The number of open holes on the outermost surface is the number of openings having a diameter of 20 nm or more existing in an area of 1000 nm × 1000 nm from an image obtained by observing the outermost surface 14a of the silica-based porous film 14 with an SEM. It is calculated by measuring. When the shape of the opening in the image is not a perfect circle, the average value of the minor axis and the major axis is taken as the diameter.

The number of open pores on the outermost surface of the silica-based porous film 14 is 13/10 ⁶ nm ² or less, and the absence of large-diameter pores on the outermost surface contributes to the improvement of the antifouling property. By having almost no large-diameter pores, dirt hardly penetrates into the pores inside the silica-based porous film 14, and the attached dirt is easy to remove.

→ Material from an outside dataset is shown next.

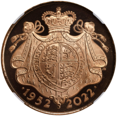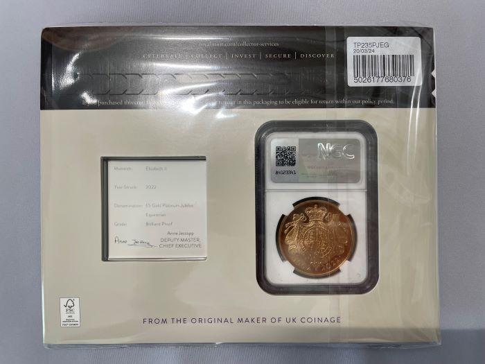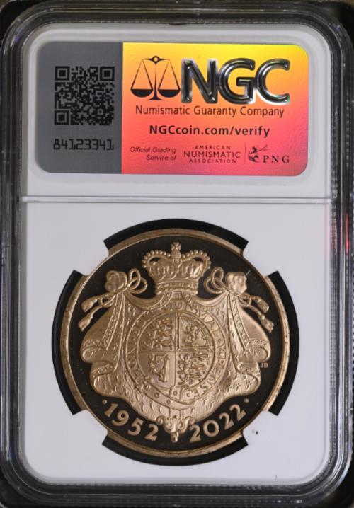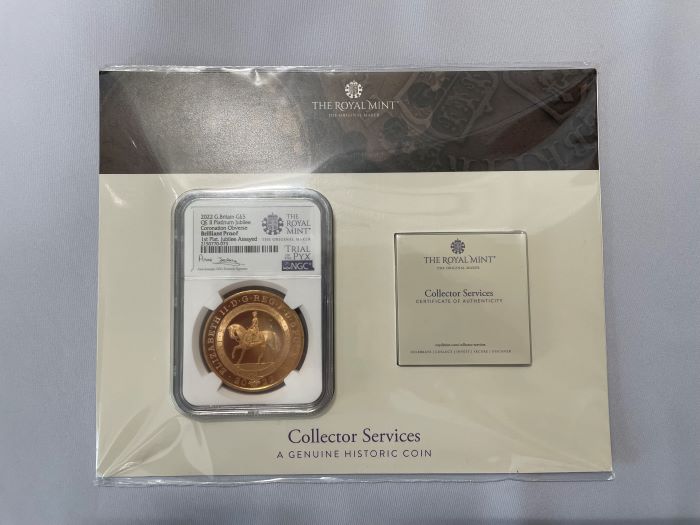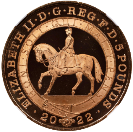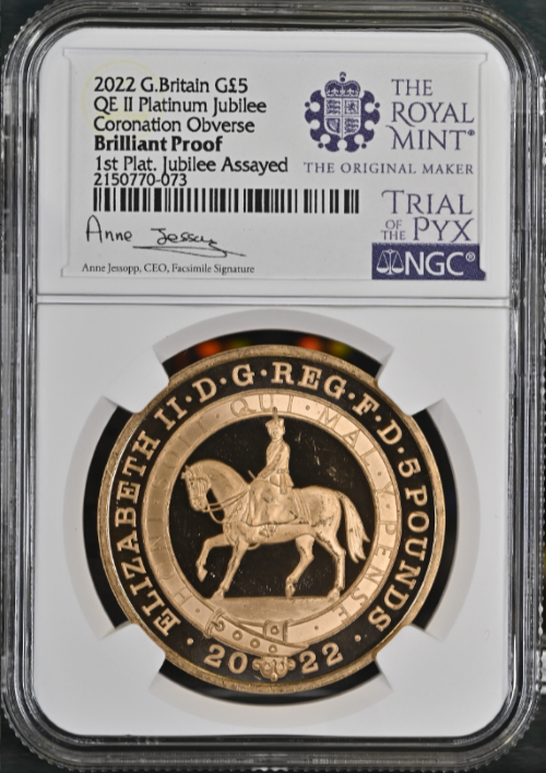 「アンティークコイン金貨専門のゴールドコイン」で取り扱う商品「【トライアル・ピクス】NGC鑑定 グレートブリテン 2022年 プラチナジュビリー 馬上のエリザベス2世 5ポンド 5ソブリン ブリリアントプルーフ金貨」の紹介・購入ページ

The fact that there are almost no large-diameter holes on the outermost surface also contributes to improved durability.
When conventional porous silica membranes contain pores with a diameter of 20 nm or more, the pores communicate with each other and many open pores are formed on the membrane surface. When performed, the porous structure is broken and the antireflection performance tends to be lowered. For example, when a conventional silica-based porous film is directly formed on the surface of the glass plate 12, the porous structure at the portion in contact with the glass plate 12 under wet heat conditions is broken by the influence of alkali, and the antireflection performance is lowered.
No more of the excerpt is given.